Some people claim that dynamic languages are too difficult to manage without using powerful IDEs. One theory is that a lack of static typing means that static analysis is insufficient to write and to manage great gobs of code.
I look at the problem differently. I don't want to manage great gobs of code. I want to use small, sharp, flexible, well-designed tools that I can fit together in a coherent form.
I wrote about recursion and tail call elimination in the Modern Perl book yesterday. As I was doing so, I realized that I should at least look at Yuval Kogman's new Sub::Call::Tail and Sub::Call::Recur.

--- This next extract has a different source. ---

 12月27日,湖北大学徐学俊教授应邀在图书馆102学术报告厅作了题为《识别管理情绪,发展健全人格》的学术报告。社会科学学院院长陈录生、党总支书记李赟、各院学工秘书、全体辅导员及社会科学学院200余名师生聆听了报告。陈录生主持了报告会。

Granted, I do have root privileges on my local machine (though with local::lib that doesn't matter anymore) and I have the suitable development tools installed (gcc, make, the Perl headers, system headers), and I have my CPAN client installed -- but installing these distributions to test was almost trivial:
$ cpan Sub::Call::Tail
In less than the time it took to read the documentation on search.cpan.org, the CPAN client prompted me for a
sudo password. I changed three lines in my example code and ran the tests and everything passed.

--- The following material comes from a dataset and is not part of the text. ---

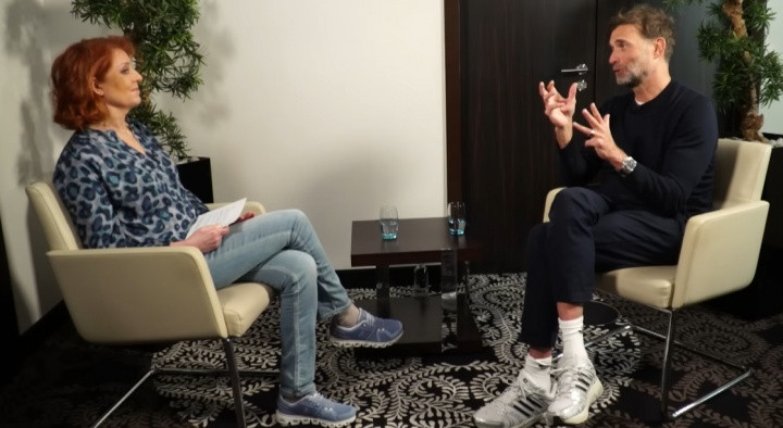主持人:我很高兴能与这位最著名、最受欢迎的德国足球教练交谈。他曾是国际足联年度最佳教练,是一位真正的冠军缔造者。独一无二的尤尔根·克洛普。你好,尤尔根,见到你真高兴。

You read that right. It took fewer than five minutes from deciding to install a language extension to using that extension productively. Yes, my example was small, but my confidence in the code and the ecosystem is high because CPAN has been a fundamental part of the professional, modern Perl experience for over a decade.

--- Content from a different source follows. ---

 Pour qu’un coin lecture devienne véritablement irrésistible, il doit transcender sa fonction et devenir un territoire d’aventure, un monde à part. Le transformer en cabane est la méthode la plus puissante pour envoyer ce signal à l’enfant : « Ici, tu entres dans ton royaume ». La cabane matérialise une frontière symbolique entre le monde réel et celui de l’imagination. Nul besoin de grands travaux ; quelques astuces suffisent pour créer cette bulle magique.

I don't have to care about installation paths or mirror selection. I don't have to care about having the right dependencies. I don't have to care about losing out on the latest version or wondering if the code works right on my machine. The tools are great.
(Caveat: sometimes I do have to worry about those things, but those are the exceptions which demonstrate how amazing it is that a system begun 14 years ago with tens of thousands of modules written by thousands of authors works together so well.)
Part of this is a testament to the Unix philosophy. Sub::Call::Tail does one thing and does it well. There's almost no interface. There's little to learn. It's a very simple language extension that, if it behaves properly, should only make your code clearer and somewhat more efficient (if you even need to measure it).
Part of this is that Yuval is a good, careful coder with good design sense. See also the first point.
Part of this is also that I have more than a decade of practical experience with Perl 5, so I know that I can trust Yuval and I know how to wrangle CPAN to do what I want. Then again, the CPAN ecosystem has improved so much even in the past three years that that ease doesn't come only from practical experience.
Could an IDE replicate the CPAN experience? I suppose there could be a graphical IDE to browse and install CPAN distributions in the same way that some people find Synaptic easier to use than aptitude. I'd like to see such a thing, personally -- but make no mistake, that's just an interface over what makes CPAN work: the CPAN distribution system, CPAN metadata, CPAN Testers, CPANTS, community standards, and the realization among effective Perl programmers that programming modern Perl effectively means making the most of what's available on the CPAN.
My productivity doesn't depend on an IDE writing code for me or performing automatic refactorings. (I have no problem with the latter.) My productivity depends on reusing great code, most of it code I didn't have to write. If you overlook the CPAN tools because they don't come with a splash screen or a point and drag installer, you're overlooking one of the most powerful benefits of modern Perl.